Source records:
=== Section Start ===

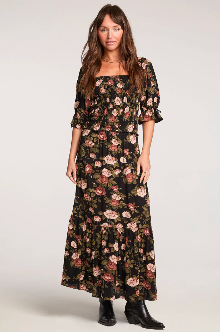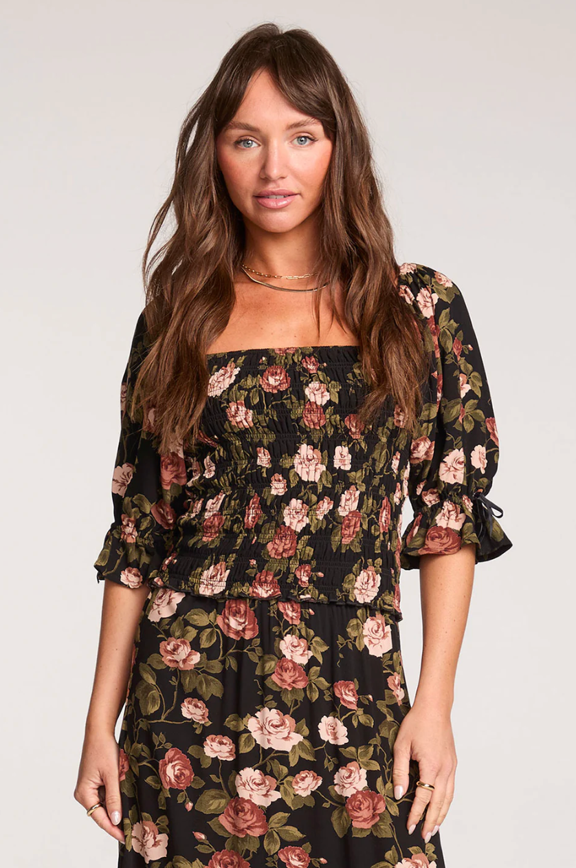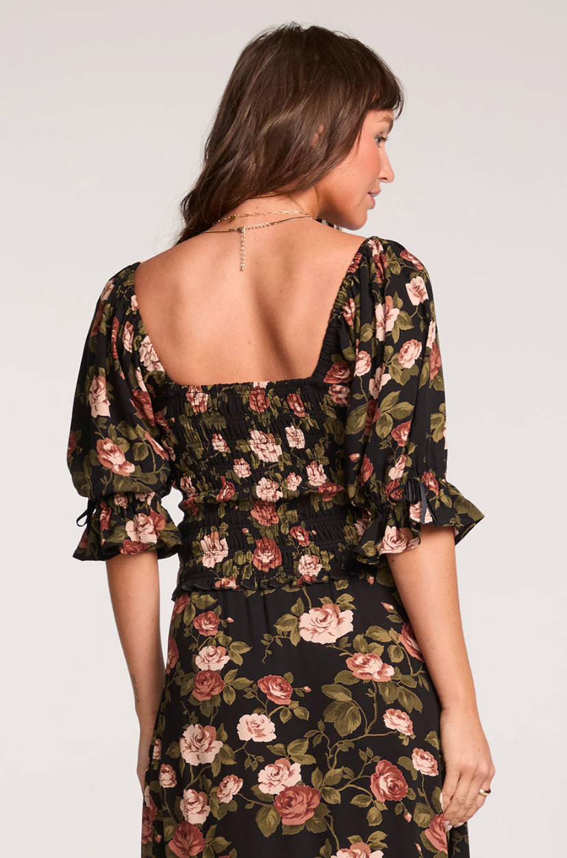 The Eddith Top features a romantic dark floral print that adds subtle depth and elegance.
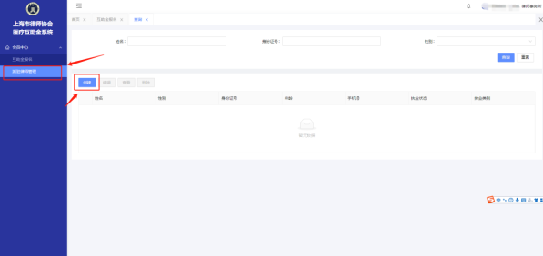點擊進入【20XX互助金】模塊后,進入醫療互助金系統。點開【會員中心】展開選擇【互助金報名】,如圖所示:
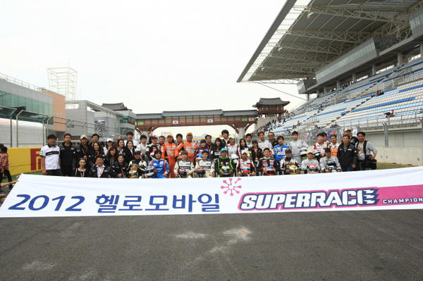 訳)2012シーズン、スーパーレースと一緒にしてくれた国内最高のドライバーらとF1メインサーキットで団体写真? Let me show you my family of 2012:) pic.twitter.com/vNXNDWgB
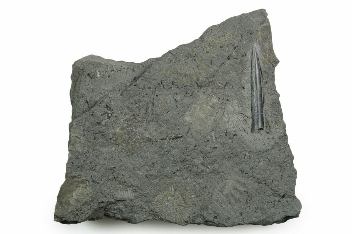 Belemnite: 1.5" long, Rock: 4.2 x 3.7"
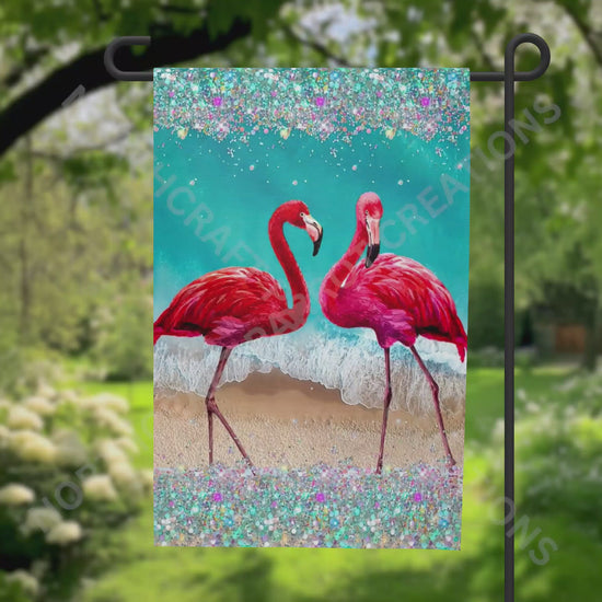 Enhance your outdoor space with this elegant Flamingo Pair on a Beach Garden Flag. Featuring two graceful flamingos set against a serene beach backdrop, this flag brings a touch of refined tropical charm to your garden. It offers a sophisticated accent that complements any outdoor décor. Perfect for adding subtle warmth and a distinctive style to your outdoor living area. Image is on both sides. Flag stand is not included.
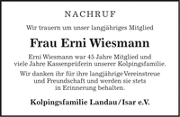 NACHRUF Wir trauern um unser langjähriges Mitglied Frau Erni Wiesmann Erni Wiesmann war 45 Jahre Mitglied und viele Jahre Kassenprüferin unserer Kolpingsfamilie. Wir danken ihr für ihre langjährige Vereinstreue und Freundschaft und werden sie stets in Erinnerung behalten. Kolpingsfamilie Landau / Isar e. V.

=== Section End ===

*Exercise directions:* Could you output all the entries above exactly as written, leaving out the pictures?

*Response:*
 The Eddith Top features a romantic dark floral print that adds subtle depth and elegance.
點擊進入【20XX互助金】模塊后,進入醫療互助金系統。點開【會員中心】展開選擇【互助金報名】,如圖所示:
 訳)2012シーズン、スーパーレースと一緒にしてくれた国内最高のドライバーらとF1メインサーキットで団体写真? Let me show you my family of 2012:) pic.twitter.com/vNXNDWgB
 Belemnite: 1.5" long, Rock: 4.2 x 3.7"
 Enhance your outdoor space with this elegant Flamingo Pair on a Beach Garden Flag. Featuring two graceful flamingos set against a serene beach backdrop, this flag brings a touch of refined tropical charm to your garden. It offers a sophisticated accent that complements any outdoor décor. Perfect for adding subtle warmth and a distinctive style to your outdoor living area. Image is on both sides. Flag stand is not included.
 NACHRUF Wir trauern um unser langjähriges Mitglied Frau Erni Wiesmann Erni Wiesmann war 45 Jahre Mitglied und viele Jahre Kassenprüferin unserer Kolpingsfamilie. Wir danken ihr für ihre langjährige Vereinstreue und Freundschaft und werden sie stets in Erinnerung behalten. Kolpingsfamilie Landau / Isar e. V.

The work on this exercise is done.